It has been known for years that wearing your shoes indoors means that everything that is on the ground outdoors will be tracked into the home. Pesticides, heavy metals, lead, animal feces, and everything else out there.
Babies crawling around the floor (and also putting things into the mouth) get an extra heavy dose of "contaminants" that were tracked in. We all absorb contaminants through our skin, ingest (the mouth), or breathe them in.
All these contaminants become part of our indoor air quality. Our indoor air is not just the outside contaminants that made their way in, but there is also shedding of skin and cloth fibers from us and pets, as well as outgassing and breakdown (the dust) of whatever is in the home. We can't get rid of all contaminants, but we can really lower our exposure to them by not wearing our shoes indoors.

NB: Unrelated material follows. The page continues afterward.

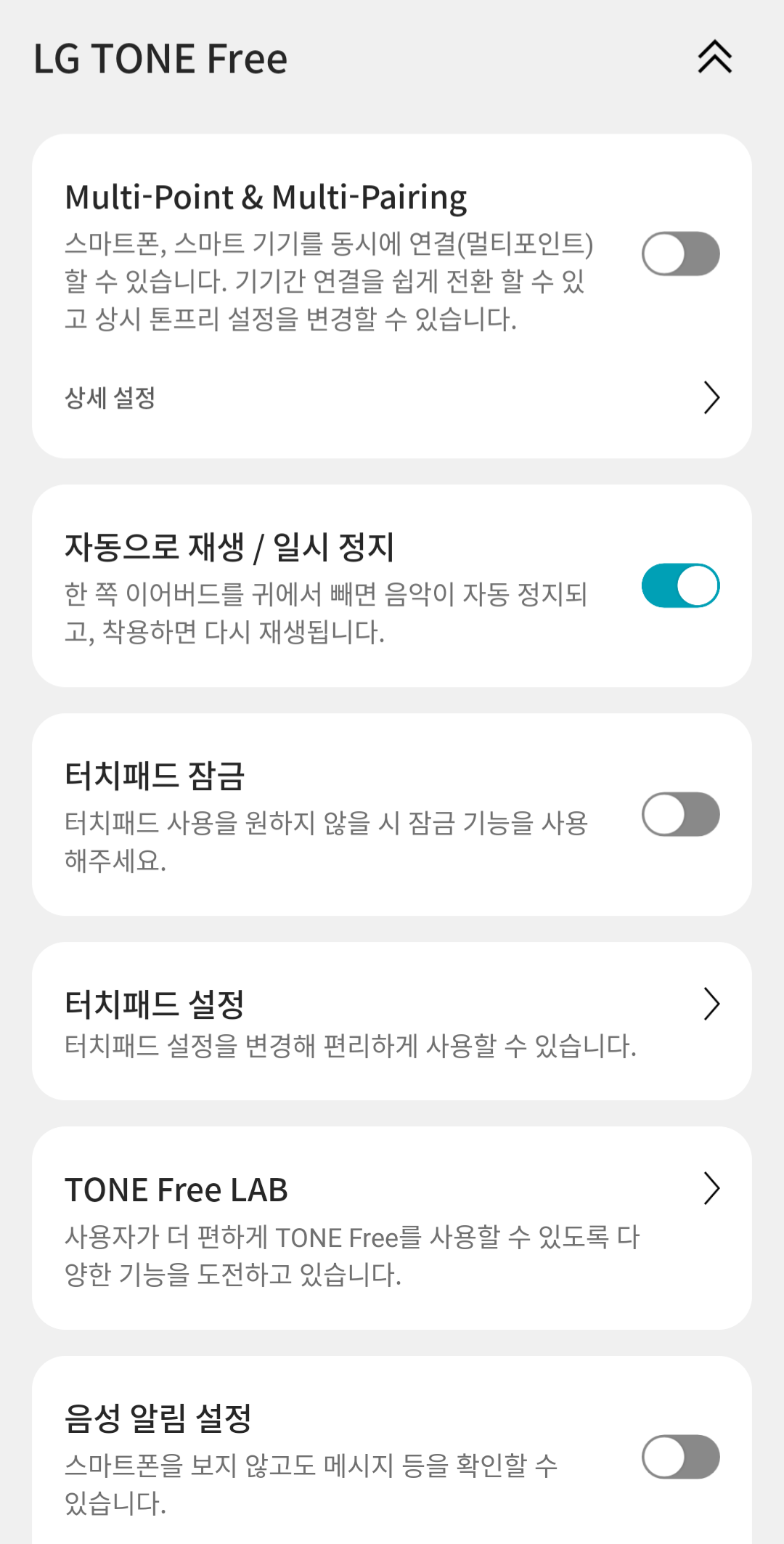 일부 무선 이어폰은 터치패드를 터치했을때 아무런 피드백이 없어 내가 제대로 터치한게 맞는지 헷갈려서 결국에는 터치패드 기능 자체를 잘 안쓰게 되던데, 톤프리의 터치패드는 확실히 터치했다는걸 알려주는 터치음이 있어서 개인적으로 매우 편리했다. (LG폰 화면 터치음과 똑같아서 추억돋는건 덤.)

Bottom line: Take your shoes off at the door.
A nice discussion of this issue is in an article written by Professors M.P. Taylor and G. Filippelli earlier this year. Some excerpts from The Conversation: Wearing shoes in the house is just plain gross. The verdict from scientists who study indoor contaminants
You probably clean your shoes if you step in something muddy or disgusting (please pick up after your dog!). But when you get home, do you always de-shoe at the door?
Plenty of Australians don’t. For many, what you drag in on the bottom of your shoes is the last thing on the mind as one gets home.
We are environmental chemists who have spent a decade examining the indoor environment and the contaminants people are exposed to in their own homes. Although our examination of the indoor environment, via our DustSafe program, is far from complete, on the question of whether to shoe or de-shoe in the home, the science leans toward the latter.
It is best to leave your filth outside the door.
People spend up to 90% of their time indoors, so the question of whether or not to wear shoes in the house is not a trivial one.
The matter building up inside your home includes not just dust and dirt from people and pets shedding hair and skin. About a third of it is from outside, either blown in or tramped in on those offensive shoe bottoms.
Some of the microorganisms present on shoes and floors are drug-resistant pathogens, including hospital-associated infectious agents (germs) that are very difficult to treat.
Add in cancer-causing toxins from asphalt road residue and endocrine-disrupting lawn chemicals, and you might view the filth on your shoes in a new light.
Our work has involved the measurement and assessment of exposure to a range of harmful substances found inside homes including: antibiotic-resistant genes (genes that make bacteria resistant to antibiotics), disinfectant chemicals in the home environment, microplastics, the perfluorinated chemicals (also known as PFAS or “forever chemicals” because of their tendency to remain in the body and not break down) used ubiquitously in a multitude of industrial, domestic and food packaging products, radioactive elements.
A strong focus of our work has involved assessing levels of potentially toxic metals (such as arsenic, cadmium and lead) inside homes across 35 nations (including Australia).
These contaminants – and most importantly the dangerous neurotoxin lead – are odourless and colourless. So there is no way of knowing whether the dangers of lead exposure are only in your soils or your water pipes, or if they are also on your living room floor.
The science suggests a very strong connection between the lead inside your home and that in your yard soil. The most likely reason for this connection is dirt blown in from your yard or trodden in on your shoes, and on the furry paws of your adorable pets.